No worries, as I figured that there are many Madeira Cake recipes out there and I would just make one. I did a quick search online and this recipe was one of the first ones that I came across. I like Nigella Lawson’s recipe and this one seemed very straight-forward. I thought Madeira Cakes contained Madeira, but I guess they don’t! (Research revealed that the cake was often served with Madeira, thus the name.) This is a very simple recipe, with flavoring just from the lemon zest and juice. 

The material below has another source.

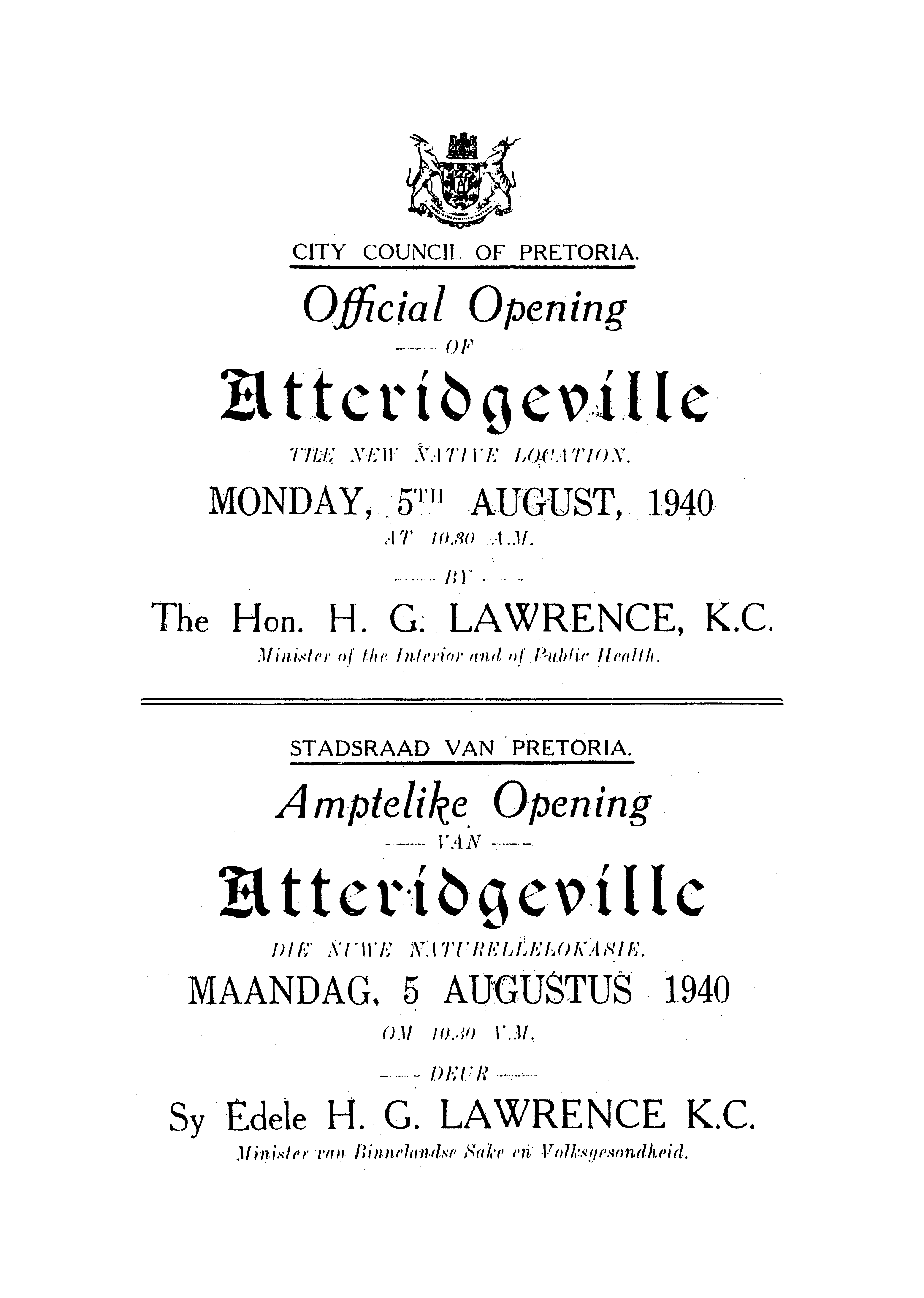 Official opening, Atteridgeville, City Council of Pretoria

The recipe says to line the pan and I didn’t do that. Don’t skip this step! It was basically impossible for me to get this out of the pan, but since most of the cake was going into a trifle, that wasn’t a problem. I cut the loaf in half and then was able to get it out of the pan. Learn from my mistake. The cake by itself was so good, a little crumbly, but the lemon (and the butter) is a real winner. I love the sugar crust that tops this cake, giving it something a little extra. 

8 ounces butter, softened
7 ounces sugar, plus extra for sprinkling
Grated zest and juice of 1 lemon
3 eggs
 7.5 ounces self-rising flour*
 3 ounces flour

Preheat oven to 340 degrees. Butter and line with parchment paper a 9” x 5” loaf pan.

In a large mixer bowl, cream the butter and sugar. Stir in the lemon zest. Add the eggs one at a time with a tablespoon of flour for each. Gently mix in the rest of the flour and, finally, the lemon juice.

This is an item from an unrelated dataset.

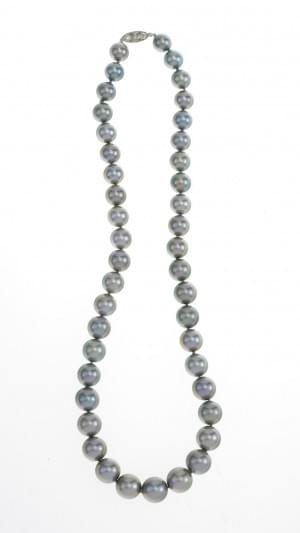 83. Collier de perles de Tahiti et son fermoir serti de 3 diamants

Spread the batter in the prepared pan and sprinkle the top with about 2 tablespoons of sugar. Bake for about 1 hour or until a toothpick inserted in the center of the loaf comes out clean.

Remove to a wire rack, and let cool in the pan for about 30 minutes before removing from the pan to cool completely.

Recipe from Nigella Lawson

*I make my own self-rising flour by combining 2 cups flour, 2 teaspoons baking powder, ½ teaspoon baking soda and ½ teaspoon salt.

1 comment:

Anonymous said...

Hi!
I tried this cake because your picture looked ahhhhmazing...however I burnt the entire thing....the crust became absolutely black!I used an electric oven and I have no idea what happened..are electric ovens different from gas ovens? I am 15 years old by the way and I'd love to bake yummy cakes but I am 0/0 in that department:( Madeira cake is my dad's fave and I wanted to bake it for him for his 50th which is soon!